Indeed the `HashMap.clear()` contained the loop many years, was replaced with `Arrays.fill` on Apr 10th, 2013 and stayed less one half-a-year until Sept 4th when the discussed commit was introduced. The discussed commit was actually a major rewrite of the `HashMap` internals to fix JDK-8023463 issue. It was a long story about possibility to poison the `HashMap` with keys having duplicating hashcodes reducing `HashMap` search speed to linear making it vulnerable to DoS-attacks. The attempts to solve this were performed in JDK-7 including some randomization of String hashCode. So seems that the `HashMap` implementation was forked from the earlier commit, developed independently, then merged into the master branch overwriting several changes introduced in-between.

We may support this hypothesis performing a diff. Take the version where `Arrays.fill` was removed (2013-09-04) and compare it with previous version (2013-07-30). The `diff -U0` output has 4341 lines.
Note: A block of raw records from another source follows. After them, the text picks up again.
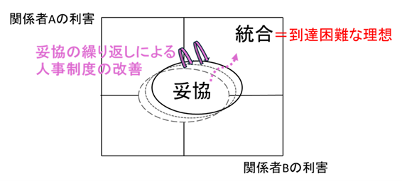 関係者の利害を互いに最大限満たす「統合」状態には至らなくても、「妥協」の繰り返しで継続的・遷移的に制度を改善していく
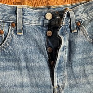 Blue ripped 501 jeans from Levi's, straight leg, raw hem, slightly high-rise, button-up fly, real denim, worn a few times
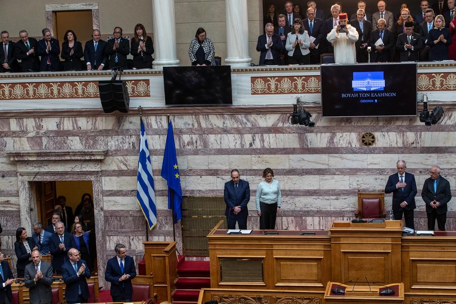 Tassoulas, a member of the ruling conservative New Democracy party, took the oath of office in parliament after winning the election on Feb. 12.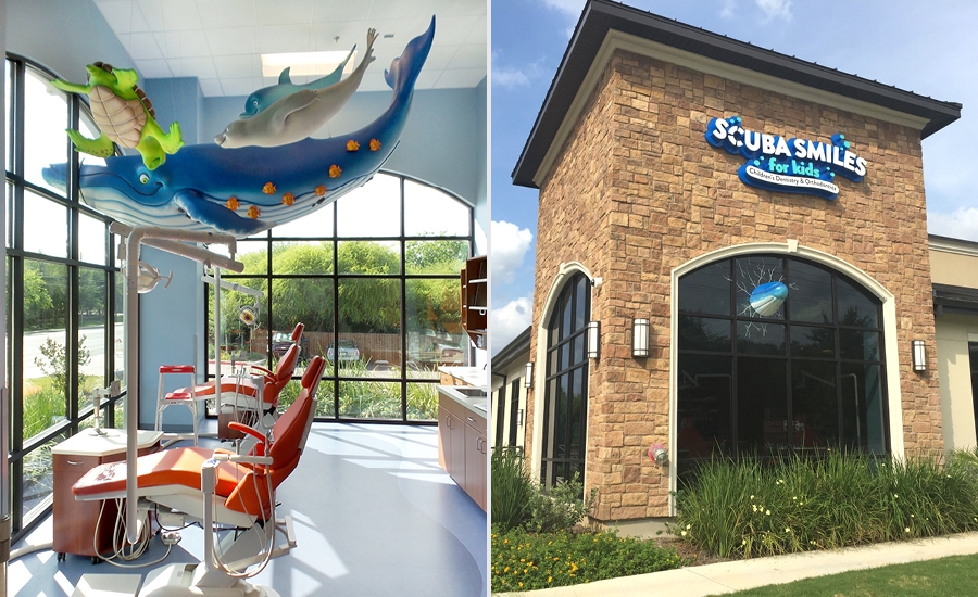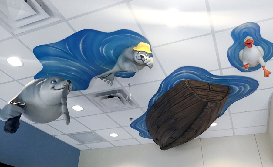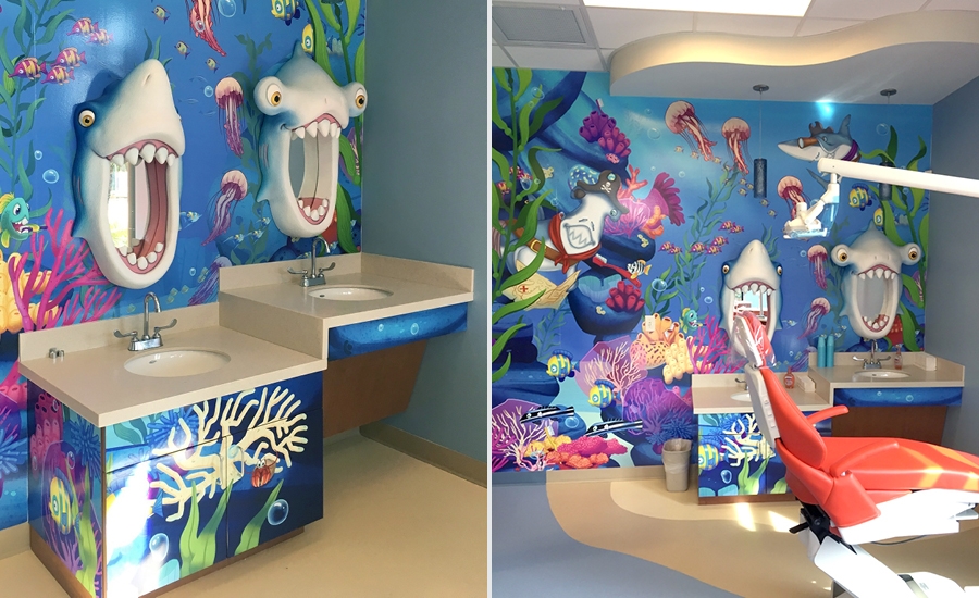 This underwater themed dental office is sure to make a splash. A massive whale swims through the open bay and out through the front windows! The whale’s nose is visible on the office exterior, bursting through the glass below the office sign.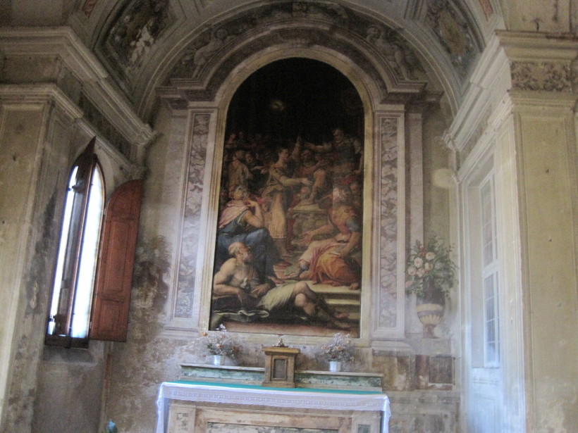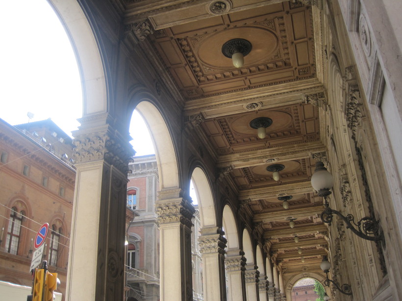 Как мне нравятся эти галереи в Болоньи. В самую жару они создают приятную тень, а в дождь можно гулять по всему городу без зонта, переходя из галереи в галерею. Я решила ненадолго зайти в храм. Удивительно, но внутри храм оказался гораздо более богато украшен, чем снаружи. Шикарные фрески на куполах храма выглядели очень древними, позже я прочитала, что они кисти великих итальянских мастеров четырнадцатого века.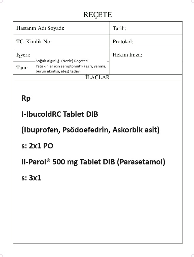 SOĞUK ALGINLIĞI ( NEZLE ) REÇETESİ – YETİŞKİNLER İÇİN SEMPTOMATİK ( AĞRI, YANMA, BURUN AKINTISI, ATEŞ ) TEDAVİ ::: ÜSYE REÇETESİ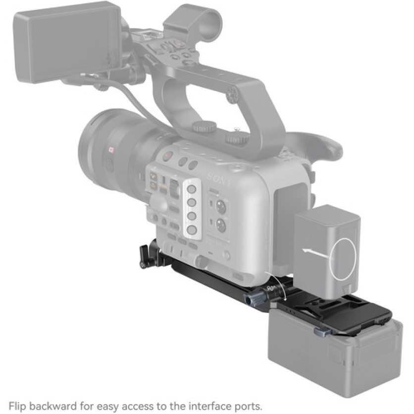 - The V-lock plate folds down 180° for easy storage and to use the camera's rear plate.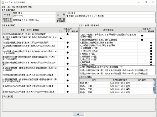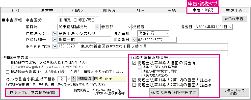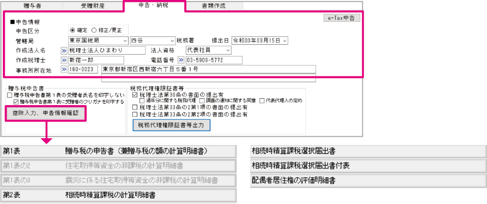 申告先の管轄局税務署の設定や提出日、控除入力・申告情報の確認、代理権限証書の作成をするタブです。管轄局は、受贈者の住所を入力するとシステムが自動で入力します。作成税理士は登録されている税理士を選択すると、 電話番号、事務所所在地も同時に入力されます。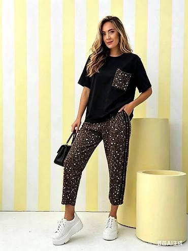 Dvoslojni ženski komplet sa leopard printom - Model: dvodelni set – kratki prsluk/top bez rukava sa polurol-kragnom i kratkim rajsferšlusom + široke pantalone jogger kroja. - Dizajn: dominantan le...
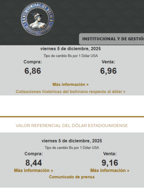 El Banco Central de Bolivia (BCB) informó a la población que con el fin de ofrecer una referencia clara y confiable que refleje las operaciones reales del sistema financiero, publicará diariamente el valor referencial del dólar estadounidense (USD), con base en las operaciones efectivas de compra y venta realizadas por las Entidades de Intermediación Financiera (EIF).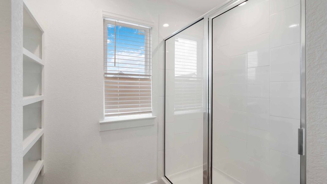 Upstairs, the Iris floor plan provides ample living space with a spacious game room, ideal for family fun or additional entertainment. To the left of the game room is the primary bedroom, featuring two large windows that allow plenty of natural light. The attached primary bathroom includes a dual-sink vanity and a standing shower, offering both style and functionality. A generous walk-in closet is conveniently located just off the primary bathroom for extra storage space.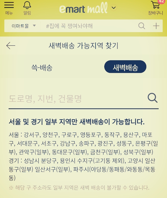 ※ 해당 구 주소라도 일부 지역은 새벽 배송이 불가할 수 있습니다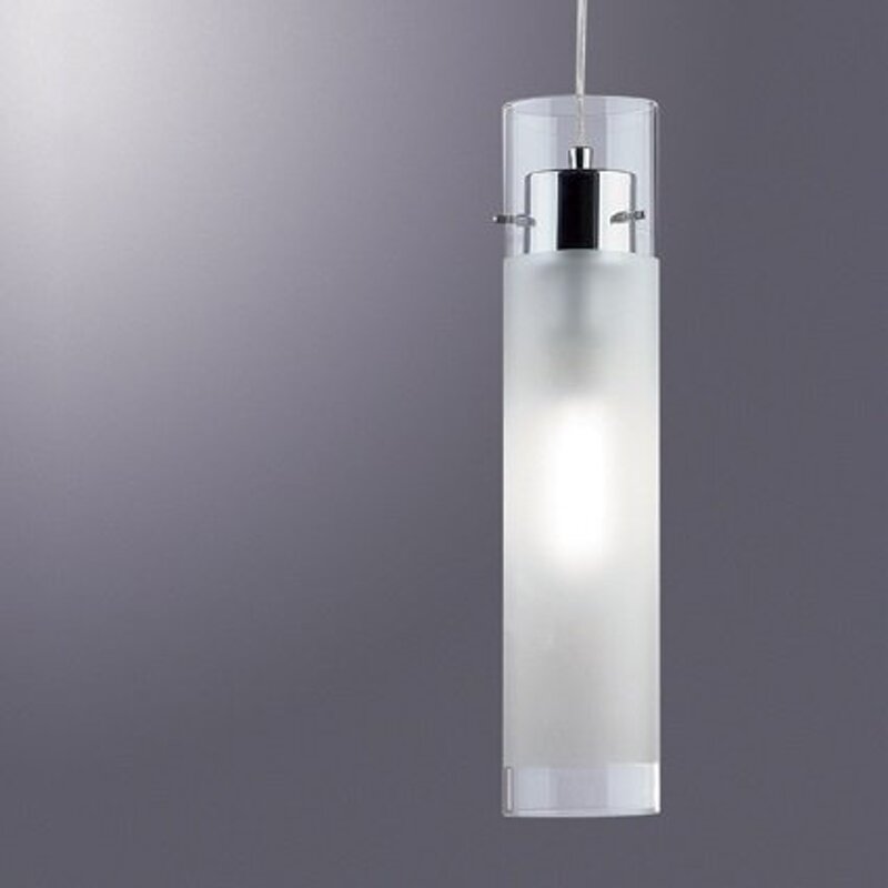 SOSPENSIONE IN VETRO PIREX TRASPARENTE, SMERIGLIATO NELLA PARTE CENTRALE E METALLO CROMATO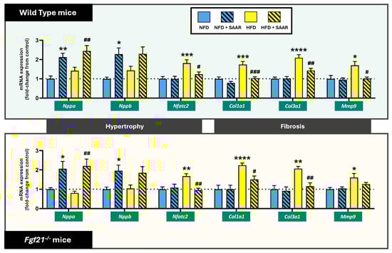SAAR modulated the expression of genes associated with cardiac hypertrophy and fibrosis pathways in both genotypes. mRNA expression levels were quantified via RT-PCR (n = 7–11 animals per group). Statistical analysis was performed using one-way ANOVA followed by Tukey–Kramer post-hoc multiple comparison tests. Significance levels to the NFD group are denoted by the * symbol: * p < 0.05, ** p < 0.01, *** p < 0.001, **** p < 0.0001. Significance levels to the HFD group are denoted by the # symbol: # p < 0.05, ## p < 0.01 and ### p < 0.001.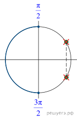 Отберём корни при помощи тригонометрической окружности (см. рис.). На заданном промежутке корней нет.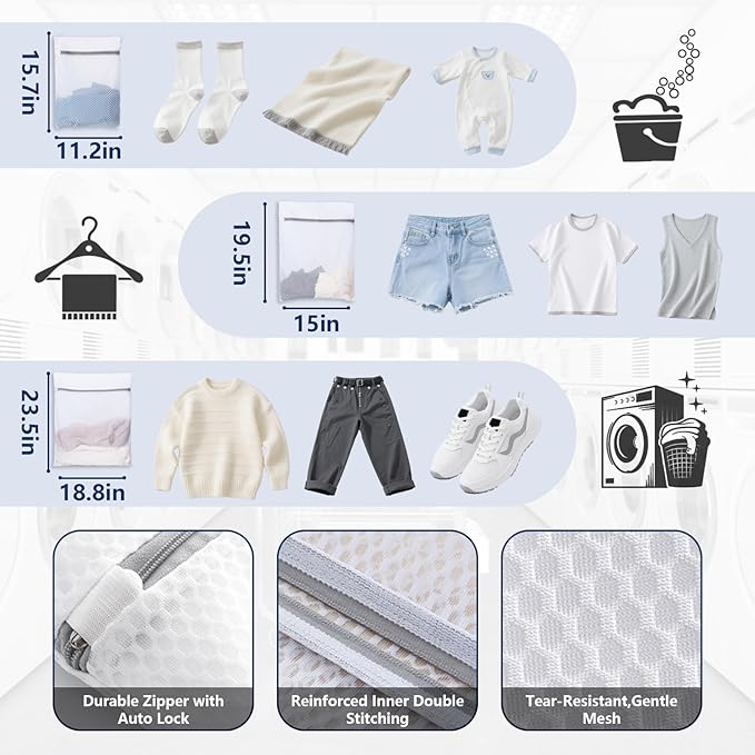 - 【Large capacity】The capacity of WELIDAY laundry backpack is big enough for holding 2-3 loads of laundry. Perfect capacity for laundromat, college or family use. Size: 13x13x30.7 inches. Comes with 3 mesh wash bags of different sizes, precisely adapted to all kinds of daily clothes, gently protecting the fabrics, folding lightly, wash whenever you go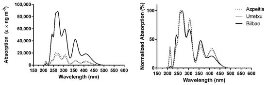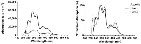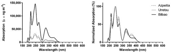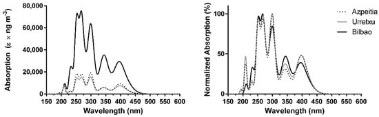 Combined theoretical absorption spectra of PAHs, corrected for their experimental mean concentrations, over Azpeitia, Urretxu, and Bilbao using B3LYP/6-31+G(d,p) [33,34]. (left) absolute values; (right) normalized values.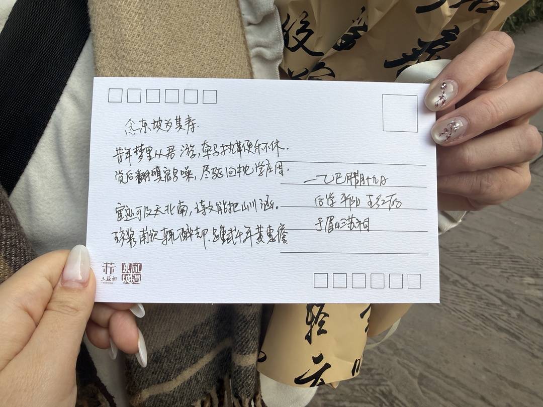 “这是我给苏东坡写的两首诗,本来有4首,但明信片太小,写不下了。”王红丽说,“他就是我的人生偶像,特别是在遇到挫折的时候,我一想到他经历那么多事情都能豁达乐观,我也会觉得没什么过不去的。”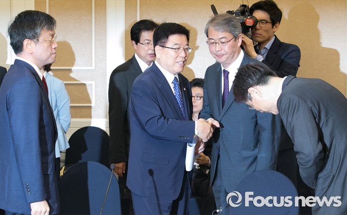 (서울=포커스뉴스) 24일 오전 서울 여의도 국회 귀빈식당에서 열린 조선·해운업 구조조정 관련 당정협의에 참석한 김광림 새누리당 정책위의장과 임종룡 금융위원장 등 참석자들이 인사하고 있다. 왼쪽부터 최상목 기획재정부 1차관, 김 정책위의장, 임 위원장, 이관섭 산업통상자원부 1차관.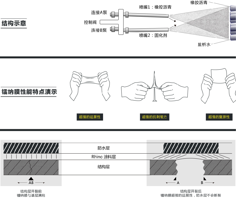 高彈性、高延展性,無(wú)開(kāi)裂、脫落等造成的滲漏隱患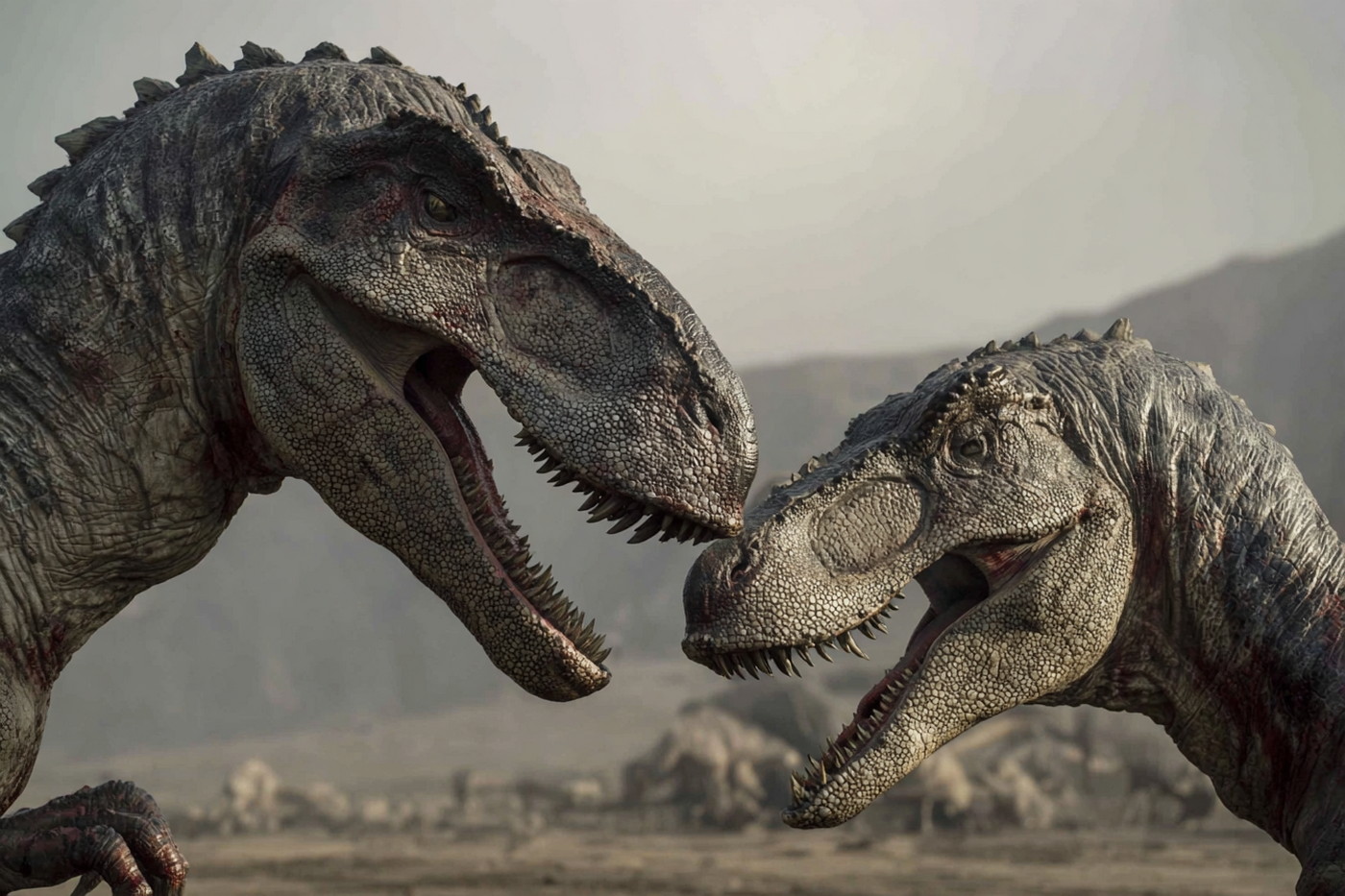 Teropodní dinosauři se zřejmě oddávali monumentálním námluvním tancům. (ilustrace: Midjourney AI, PDM 1.0)

Now let's diff against the version prior to one when `Arrays.fill` was added (2013-04-01). Now `diff -U0` contains only 2680 lines. Thus the newer version actually more similar to the older than to immediate parent.

Conclusion

So to conclude I would agree with Stuart Marks. There were no concrete reason to remove `Arrays.fill`, it's just because the in-between change was overwritten by mistake. Using `Arrays.fill` is perfectly fine both in JDK code and in user applications and used, for example, in `WeakHashMap`. The `Arrays` class is loaded anyways pretty early during the JDK initialization, has very simple static initializer and `Arrays.fill` method can be easily inlined even by client compiler, so no performance drawback should be noted.